By JESSE GRAHAM AND VICTORIA STONE-MEADOWS
A CAR flipped, another destroyed, and a motorbike rider slid off the road in the Healesville area last week.
Shortly after 3am on Sunday 8 May, a 22-year-old Healesville man was travelling towards town on the Healesville-Kooweerup Road, when he lost control of the car.
Leading Senior Constable Cliff Argus said the car then lost the road, hitting a guard-rail before hitting an embankment beside the road and flipping into the Worawa Aboriginal College grounds near Barak Lane – some 20 metres away.
Amazingly, the driver walked away uninjured from the crash – the front-end of the car was destroyed in the crash.
At 10.30am on Tuesday 10 May, two American tourists crashed their car near the Black Spur on the Maroondah Highway, after losing control of their car and hitting an embankment on an infamous stretch of the road.
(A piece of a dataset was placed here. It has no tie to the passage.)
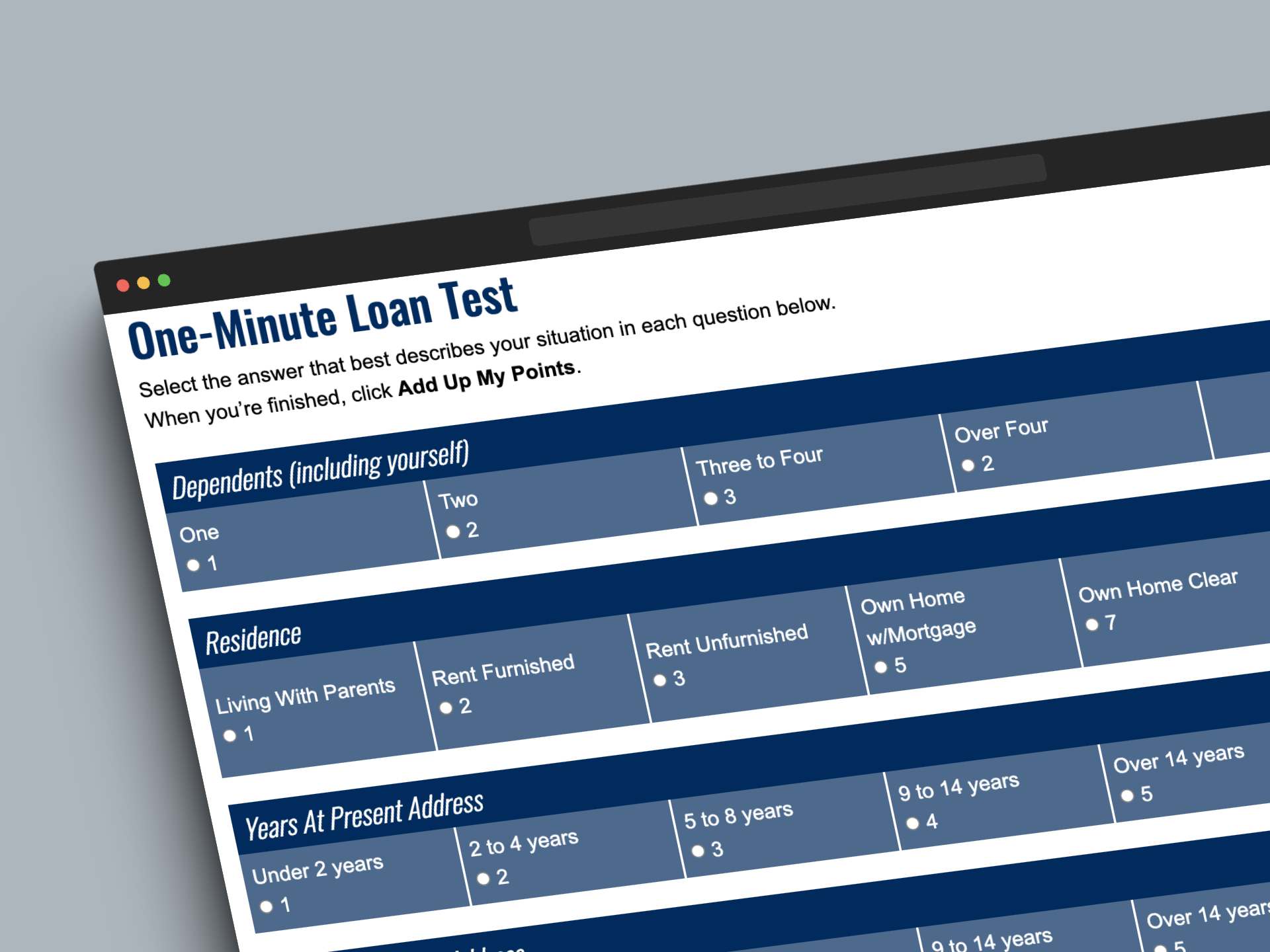 - Take our One-Minute Auto Loan Test. You may be surprised to find out how much more car you can drive.

The car flipped onto its roof, and the 31-year-old driver was uninjured, while the 65-year-old passenger was taken to Maroondah Hospital as a precaution.
Sergeant Stewart Thomson said that drivers, particularly those unfamiliar with the road, needed to drive to conditions.
“The road is off-camber, it’s very slippery when wet, and before people even realise they are in trouble, it’s too late,” he said.
The third crash occurred at 10.50am on Thursday 12 May, when a 29-year-old Seaholme man was riding his motorbike towards Healesville on Don Road, when he slid off the road on a wet corner and went down an embankment.
The man was treated by paramedics, but was trapped down the embankment for over an hour, before he and his bike were winched back up to the road.
Leading Senior Constable Chris Hickey said the man suffered an “extremely badly broken leg” – a compound fracture in his left leg.
The rider was taken to Maroondah Hospital by ambulance.
While Leading Sen Const Hickey said the rider was not at fault, he urged drivers to travel according to their conditions with the recent wet weather.
“Drive to the conditions – people just don’t do it,” he said.